Requirement: The required answer is an exact copy of the lines from the one containing "Pasek do zegarka" to the end of the listing, both included, without any pictures.

Information supplied:
******************************

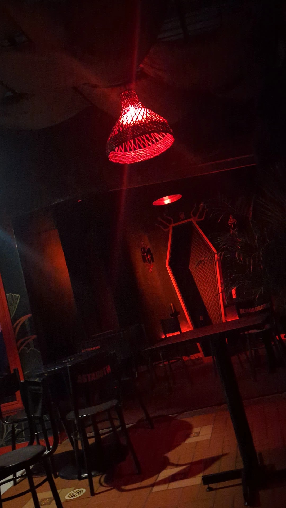 Read moreEl lugar lo vengo siguiendo hace mucho tiempo por redes sociales. Siempre quise visitarlo. No hay algo así en Colombia. Me gusta su marca y lo que representan, había cenado, venía a conocer el lugar... Aproveche a disfrutas un par de cerveza de la casa PRESAGIO: Recomendada la Pale Ale con sabores frutales/aromático., ligera y sabrosa; luego prove una Roja Socthich, un poco más pesada y agridulce. Esta buena, aunque preferí la primera, para picar pedí unos platanos DR. DEMON, que mencionaban QUESO MONTERREY, sin embargo el queso no se asomó, creo que fui el último plato de cocina y le faltó o cariño o no tenían queso, a lo sumo imaginario... Es una lastima lo del queso, no importa la atmósfera compensa, sin embargo el personal, en especial la chica no ha sido tan amable... Su respuesta ante la petición de un aderezo tipo suero fue ruda. Me estoy comiendo mis plátanos pero esperaba más del queso del plato del Anfitrión del lugar. No por más el incidente del ratón, me ha parecido muy grato, DIGNO PARA CUALQUIER METALHEAD GLOBAL. HAIL METAL, HAIL SATAN, JAIL WORKOUT. Salve HOUSE OF DEMONS! Saludos...
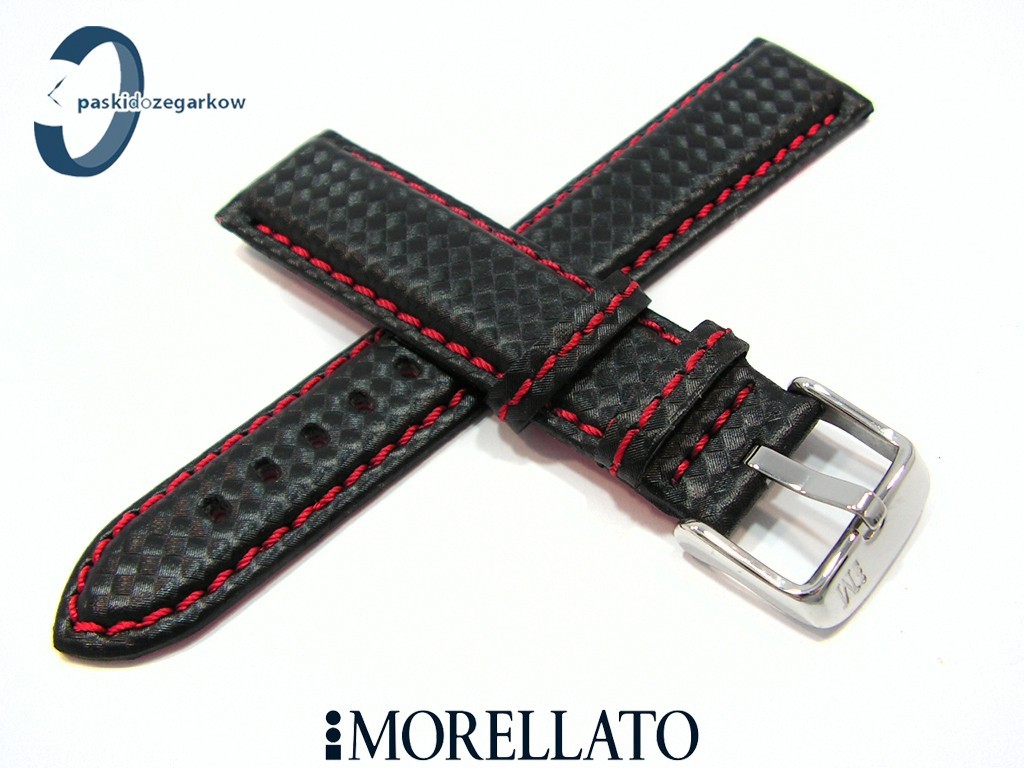 Pasek do zegarka BIKING producenta MORELLATO z kolekcji Sport skórzano-materiałowy w kolorze czarnym z czerwonym przeszyciem, myszówka w kolorze czerwonym, materiał z fakturą carbonu, sprzączka wykonana ze stali nierdzewnej, wodoodporny, szerokość paska 20 mm, przy sprzączce 18 mm.
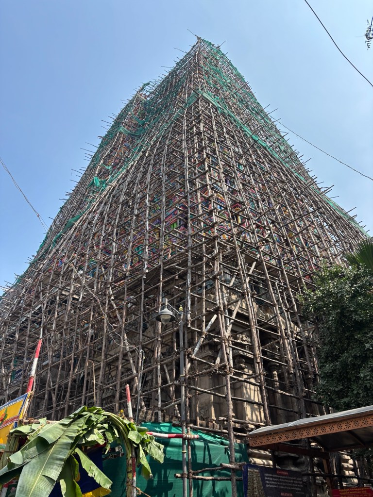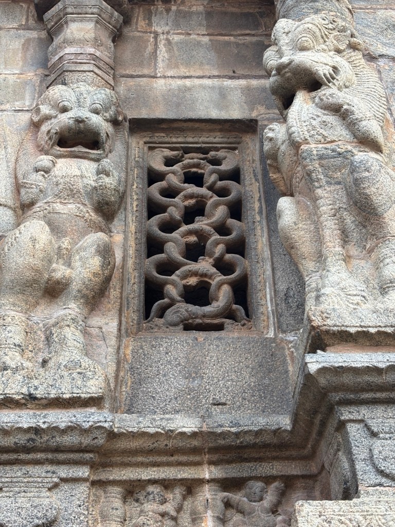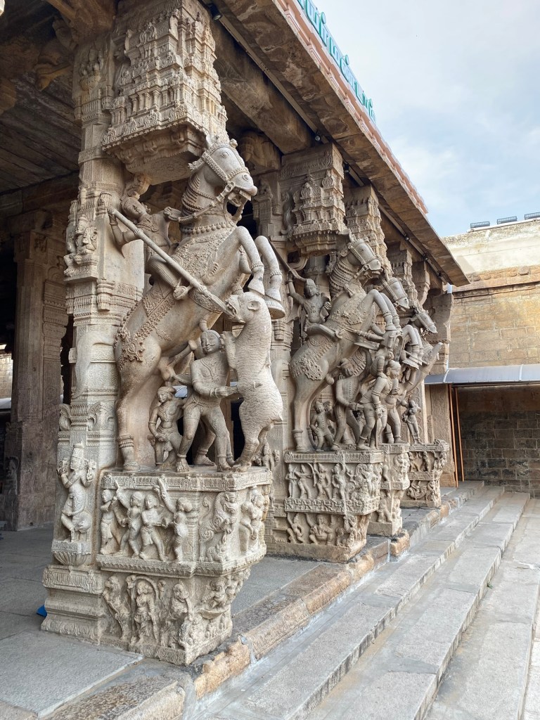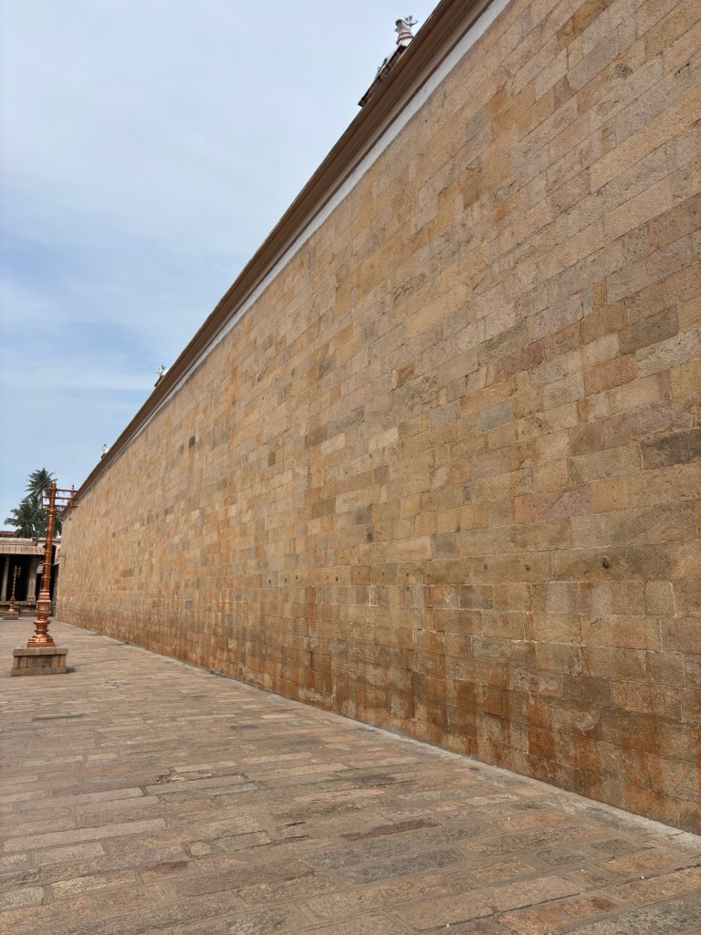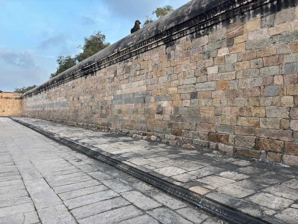 The next evolution of Hindu architecture on display in Tamil Nadu is the Hindu temple itself.  These are typically exceptionally large, beautifully walled compounds. The temples themselves are arranged in formal alignments within. Many times these outer walls are multiple, offering layers and layers of strong  defense. It doesn’t take a lot of imagination to read the constant threat the walls rebuffed.
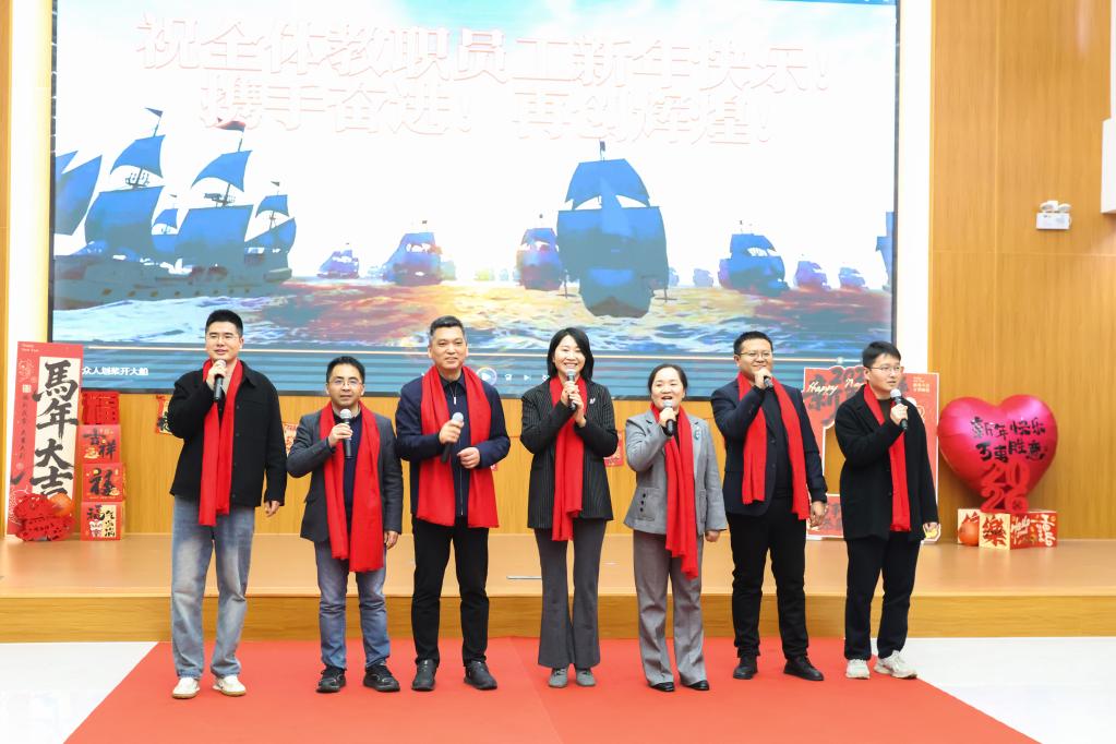 活动在对2025年工作成效的回顾与对新一年美好愿景的祝福中拉开帷幕。随即,学院领导班子、党委委员及院助带来节目《众人划桨开大船》,以昂扬向上的合唱点燃全场热情,传递出团结协作、奋楫笃行的精神风貌。

******************************

Result:
 Pasek do zegarka BIKING producenta MORELLATO z kolekcji Sport skórzano-materiałowy w kolorze czarnym z czerwonym przeszyciem, myszówka w kolorze czerwonym, materiał z fakturą carbonu, sprzączka wykonana ze stali nierdzewnej, wodoodporny, szerokość paska 20 mm, przy sprzączce 18 mm.
 The next evolution of Hindu architecture on display in Tamil Nadu is the Hindu temple itself.  These are typically exceptionally large, beautifully walled compounds. The temples themselves are arranged in formal alignments within. Many times these outer walls are multiple, offering layers and layers of strong  defense. It doesn’t take a lot of imagination to read the constant threat the walls rebuffed.
 活动在对2025年工作成效的回顾与对新一年美好愿景的祝福中拉开帷幕。随即,学院领导班子、党委委员及院助带来节目《众人划桨开大船》,以昂扬向上的合唱点燃全场热情,传递出团结协作、奋楫笃行的精神风貌。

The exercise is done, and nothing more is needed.